Gene Therapy Prevents Vaso-Occlusive Crises in Patients With SCD

May 14, 2024

A recent study in the New England Journal of Medicine demonstrated the efficacy of exagamglogene autotemcel (exa-cel), a CRISPR/Cas9 gene-edited cell therapy, in preventing vaso-occlusive crises in patients with sickle cell disease (SCD).

Investigators from the Children’s Hospital of Philadelphia led the trial, which included 44 patients and a median follow-up of 19.3 months. Of the 30 patients who had sufficient follow-up to be evaluated, 29 (97%) were free from vaso-occlusive crises for at least 12 consecutive months. All 30 were free from hospitalizations for vaso-occlusive crises for at least 12 consecutive months. The safety of exa-cel was comparable to treatment with hematopoietic and progenitor stem cells, and no malignancies were reported because of treatment.

Exa-cel, marketed as Casgevy by Vertex Pharmaceuticals, is the first FDA-approved therapy to utilize CRISPR-Cas9 genome editing technology. The therapy works by modifying patients’ hematopoietic stem cells to remove the gene responsible for SCD. Once reintroduced into the patient, these modified cells engraft within the bone marrow, leading to increased production of fetal hemoglobin (HbF). This in turn facilitates oxygen delivery and prevents red blood cell sickling.

Exa-Cel in Beta-Thalassemia

In a separate phase 3 study, investigators also reported promising outcomes in patients with beta-thalassemia. Among the 52 participants followed for a median period of 20.4 months, 32 (91%) achieved transfusion independence following exa-cel treatment.

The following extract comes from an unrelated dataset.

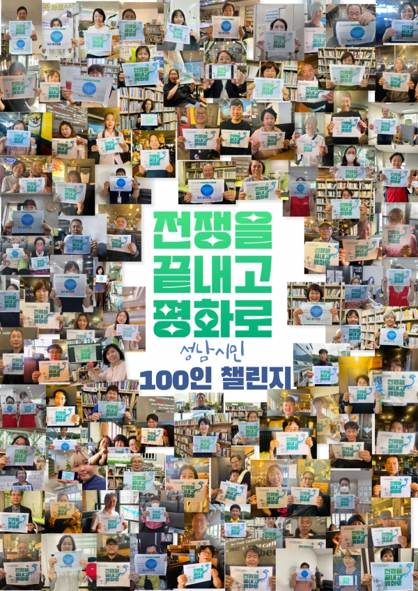 성남시민들의 평화와 통일을 바라는 염원을 모아내고자, “전쟁을 끝내고 평화로” 라는 행사의 슬로건에 맞춰 지인들의 지목을 받아 인증샷을 찍어 SNS에 올리는 챌린지를 진행하였고, 100명의 시민사회단체 회원과 성남시민들이 참여했습니다.

During this period, patients experienced a mean total hemoglobin level of 13.1 grams per deciliter (g/dL) and a mean fetal hemoglobin level of 11.9 g/dL, with fetal hemoglobin demonstrating a widespread distribution among red cells (greater than 94%). The safety profile of exa-cel was consistent with that of myeloablative busulfan conditioning and autologous hematopoietic stem cell transplantation, with no reported fatalities or incidences of cancer.

In January, FDA approved exa-cel to treat beta-thalassemia based on preliminary results of the trial.